Xiaomi has unveiled three new large models under its MiMo V2 banner — a trillion‑parameter base model tuned for agent workflows (MiMo‑V2‑Pro), a full‑modal agent (MiMo‑V2‑Omni) and a high‑fidelity speech synthesiser (MiMo‑V2‑TTS) — signalling a deliberate move by a major device maker to own both the underlying model stack and the agent layer that sits above it.
The launch clarifies a recent market mystery: two anonymous models that dominated API call charts on OpenRouter under the names Hunter Alpha and Healer Alpha were in fact early test versions of Xiaomi’s new models. Xiaomi is making those early builds available to developers via OpenRouter and is offering limited free access and integration support through several agent frameworks, a strategy designed to jump‑start third‑party experimentation.

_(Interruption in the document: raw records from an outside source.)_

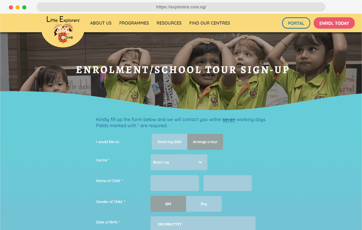 Little Explorers Cove needed to boost their online presence and strengthen their brand positioning with the element of learning through exploration. With conversion as a key aim, it was important to design the forms and lead collection methods with purpose. In addition, we also provided photography services to accurately capture the best moments of the children. These images were treated for web usage and brings life to the website.
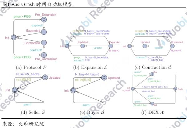 P模拟了核心协议的五种状态,即初始状态,预扩张状态,扩张状态(价格高于锚定价格时),预紧缩和紧缩状态(价格低于锚定价格时)。在扩张和紧缩过程开始前,通道ω_e和ω_c会被激活。
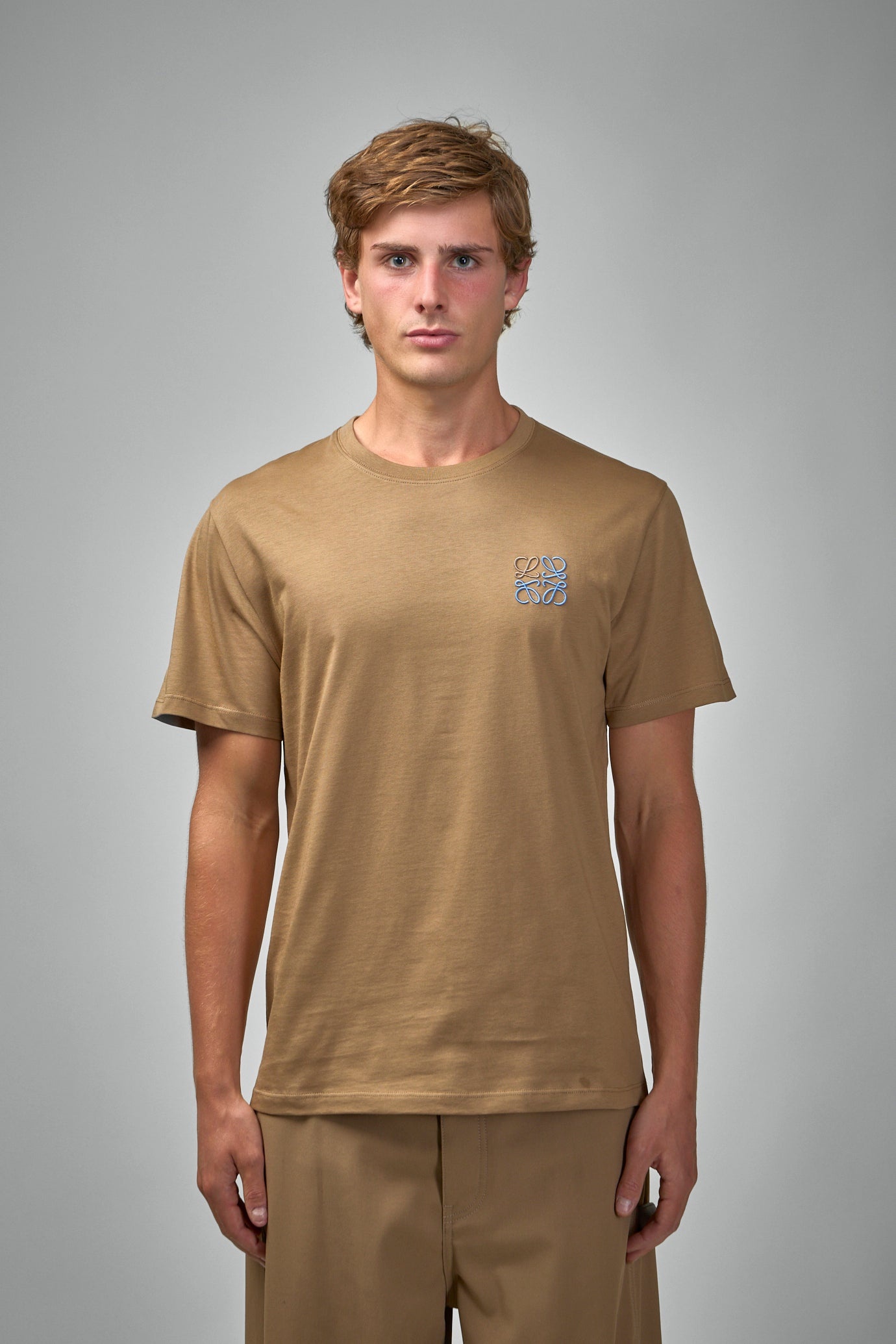 - regular fit, regular length - crew neck - ribbed collar - two-tone Anagram embroidery placed on the chest Materials: 100% cotton Color: camel SKU: 151874 Brand style: H526Y22X75 3150 Size and Fit The model is 1.86m (6.1ft) and wears a size M. The item fits as expected according to standard sizing. Order your usual size.
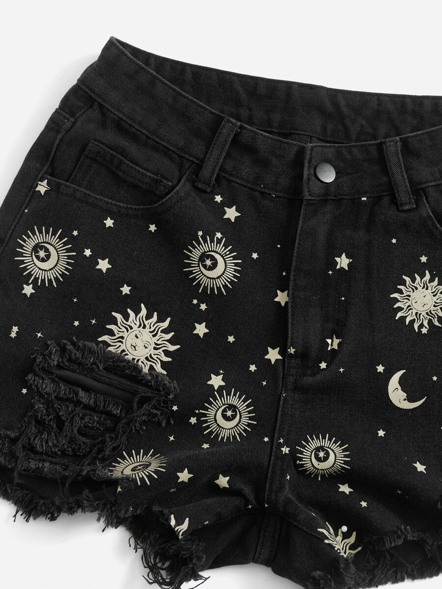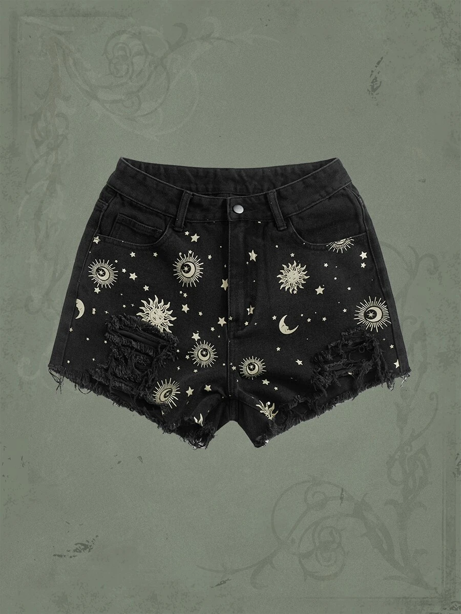Goth Shorts en mezclilla con estampado de sol y luna roto

MiMo‑V2‑Pro is Xiaomi’s flagship. The model package exceeds one trillion parameters in total and exposes an active working set of about 42 billion parameters; it supports one‑million token context windows and has been tuned for complex, multi‑step tool use, long‑range planning and automated workflow orchestration. Benchmarks place it among the global top ten on Artificial Analysis and near contemporary high‑end models on agent and programming tasks, while Xiaomi’s published API pricing is a fraction of comparable commercial offerings — a clear competitive lever aimed at developers.
MiMo‑V2‑Omni targets real‑world, cross‑modal agent tasks. It ingests text, vision and audio, handles long continuous audio, multi‑speaker separation and audio‑visual reasoning, and claims superior performance on several audio and video benchmarks versus leading multimodal models. Xiaomi demonstrates Omni performing shopping research, price‑comparison and automated interaction with web services and offices suites, showing how an agent can carry tasks end‑to‑end from discovery to purchase.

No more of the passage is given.